Towards the middle of the book there are character portfolios to provide ready to play, Killing Fields styled, characters. The Haven rulebook described this as “spoon feeding your lazy ass” and Killing Fields encourages readers to make their own characters if they are planning to play a long campaign.
There is, of course, plenty of crunch a book like this. Killing Fields starts off the crunchy bits with sections for new Benefits, new Drawbacks and then Special Abilities. Not being able to swim is a drawback and you get two points back for this. Great; I’m going create a Haven character who can’t swim, ski, surf, rock climb, install Windows, pilot speed boats or speak German and put all the points I get back into kick ass and gun fighting abilities!

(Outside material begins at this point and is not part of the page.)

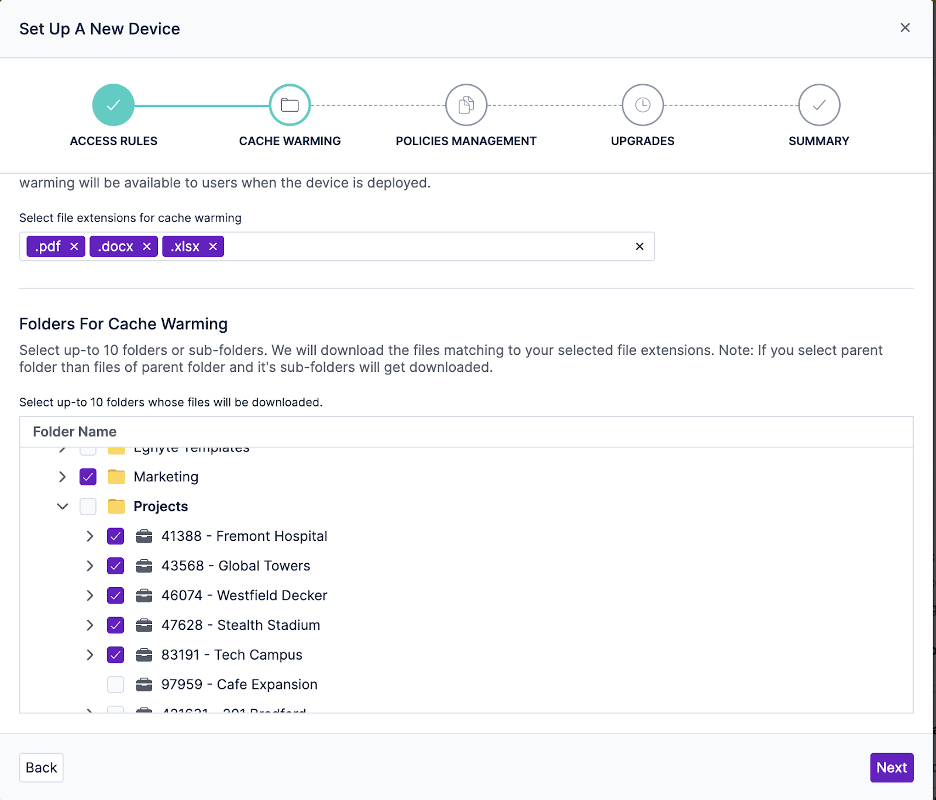 Smart Cache v4.0 has customizable settings that make it easy to optimize performance for complex applications like Autodesk's AutoCAD and Revit, which have large file sizes with interlinking references. By loading data from an optimized local cache instead of Egnyte’s Cloud, you can significantly enhance performance on first use. Setting up cache warming is as easy as two quick steps:

The range of new equipment is extensive. If stun grenades won’t do then what about a thermite bomb? Napalm sir? No trouble. If you want to have fun with high explosives then Killing Fields is a book for you.
The hand-to-hand combat section provides the charts Haven’s rules require for a large collection of fighting styles and martial arts. Each style will cost some XPs, will demand different levels of training and requirements but pays out with a series of advantages.
The martial arts moves are kept in their native language. This adds to the theme and encourages descriptive roleplaying. You do need to read each martial arts’ basic training otherwise you may be hard pressed to decide whether a Juen tek is a punch, kick or something else. If you’re a complete rookie to actual fighting then, like me, you might still struggle with the English translations. A Tai Otoshi is an Arm Throw. What’s an Arm Throw? Is the thrown person grabbed by his arm and thrown? Or does the thrower use his arm for the throw? Isn’t the ‘Arm’ in ‘Arm Throw’ fairly redundant then? What else are you going to throw someone with? A Shimi Waza is a Forearm Roll Choke. Er, someone tries to eat a roll the size of a forearm and chokes? The attacker rolls over his forearm, springs up and gets the defender into a choke? Don’t know!
The expanded character sheet near the back is three pages long.
There are positive things to say for the book. It’s pretty. It’s pretty in a layout sense. I quite like the illustrations too but don’t feel I can use the word ‘pretty’ to describe someone getting his face shot off. It’s also far to acknowledge that Haven: City of Violence does have a respectable fan base, it has this because there are plenty of gamers who want to play a hard boiled cop in a dangerously corrupt city or a live-or-die-by-the-gun crook in a world full of gangs. Killing Fields will give a pleasant boost to many of Haven’s natural fans. Gritty action games can almost always do with a couple more gas grenades and deadly punches.
I don’t know what it is but I was open a LPJ Design product with high hopes and the firm belief that they’ll have cracked it for this one. That’s how I opened the Killing Fields and was quickly disappointed. They haven’t cracked it, not this time, not for me but I suspect I’ll still peel open the covers of the next supplement I find with baited breath.